The human limit of machine learning.
The other day a discussion at work resurfaced the old topic of the merits and problems of advanced recommendation algorithms. The problem has many subtle angles, but in its simplest form it boils down to our better relevance algorithms being completely obscure to us about the "why".
The issue is not new and has been topic of conversation among us for a while. But this time I saw a new facet to it: there's a wall on how far we can take our relevance algorithms, before we start seeing negative returns.
It has nothing to do with limitation of the methods, or with how smart we can be on analyzing the data. It is not about the limited amount of training data we can gather, nor it is about having the right information to put forth.
It is about the human being consuming the data.
Machine learned recommendations algorithms are fantastic, they can take into account tens of millions of documents, consider our identity, our history, our tastes. They can layer on top the "wisdom of the crowd": what our friends, acquaintances, professionals in the same industry are reading. They can check the weather so see if we're more likely to be interested in alternative commute routes, guess our portfolio to gauge interest in business news, etc, etc, etc.
They are just not good at doing it in a human way. Their motives and logic are generally too alien for us to intuitively grasp, and their inner workings are difficult to translate succinctly into a phrase or two. And there exactly, lies the problem. The ultimate goal is not to give you the information,
The goal is for you to be able to act on this information
And for this you have to understand it's significance, in the appropriate context. You need to be able to understand, catalog, and archive that piece of data, and to thread it with other facts/concepts/opinions before it becomes actionable and useful for you.
A little context about the work we were doing is necessary: our goal was to deliver, through smart algorithms, the news, events or other simple data nuggets the user needed to know to be more productive. And in this context, the "Why" is at least as important as the "What".
Just to work out an example: let's assume we have an all knowing genie hand picked an article for me. The article is (superficially) about a small startup in SF boosting up their employee perks. I never heard of this company, nor I have any acquaintances that work at it, and on top of it, I'm not looking for a job. More likely than not, I would briefly skim over the first paragraph, or skip the piece altogether.
What I don't know is that deeper into the article, there's an insight on the circumstances leading to the benefit changes: other startups have lost employees to a growing living expense of the city of SF, switching to better paying options, or moving to a different place. This company was just trying to be ahead of the problem.
An there was my piece of useful info: growing living expenses in SF, startups slowly catching up. Multitude of actionable items: check my own expenses, surf my social network for hiring opportunities, etc, etc.
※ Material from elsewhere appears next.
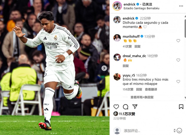 2025-03-05 11:43:27替补登场迎欧冠淘汰赛首秀,恩德里克社媒晒照:享受比赛每个瞬间

But I didn't get it: the genie was smarter that I was...
The problem in trusting AI is in my opinion that AI is too married to optimization in the sense of finding the best parameter fit for one quantitative representation of the problem where as humans rely on mixed feelings to look simultaneously at different aspect of a same problem. That is iHuman wants to look at a comprehensive yet minimal set of efficient trade-offs before I make any important decision. An illustration of the concept of Pareto ranking for medical insurance plans sold on CoveredCA can be found here: http://www.theinsuranator.com. The ranking is done in real-time and is based on common scenarios. It is a simple demonstration tool that costs nothing to use and collects no data so I think that it is fair to share on LinkedIn.
I believe this blog is about the Principle of Sufficient Reason formulated by the mathematician Leibniz: http://hans.wyrdweb.eu/the-limits-reason-about-chaitin-and-leibniz/
As I see it, some of the really fundamental problems with machine algos is the fact that they all make calculations based on final results. The problem is that every final result, for example: "I chose to watch this movie" or parts of it, is that the reason for my choice is not a part of the result: the movie I chose! So a vital part of my decision making progress is left out - making the algorithm and machine results being non human. I belive, untill above problem is solved, we are stuck with machine made choices made from basically
You probably have heard about the diapers-and-beer example, right? It has been described ad nauseam. Well, let's have a closer look. The analytics identified a correlation between the sales of diapers and the sales of beer, which seems odd at first glance. But what the story doesn't say is that, I presume, it was human analysis that determined that mothers sent their husbands in the evenings to buy diapers who would buy beer at the same time while they were at the store. The latter part is the "why". This supports the notion that computers don't have an effective ability to figure out the "why" by themselves; they need humans to investigate that aspect. In other words, computers can tell human operators, "hey! There's something to investigate here". Figuring out the "why" requires deep knowledge and common-sense knowledge; didn't the first wave of AI research make attempts at this with little success?
Very interesting article... It feels like you really turned the problem on its head here. I feel that the takeaway goes back to the old adage: don't judge a book (or algorithm) by its cover.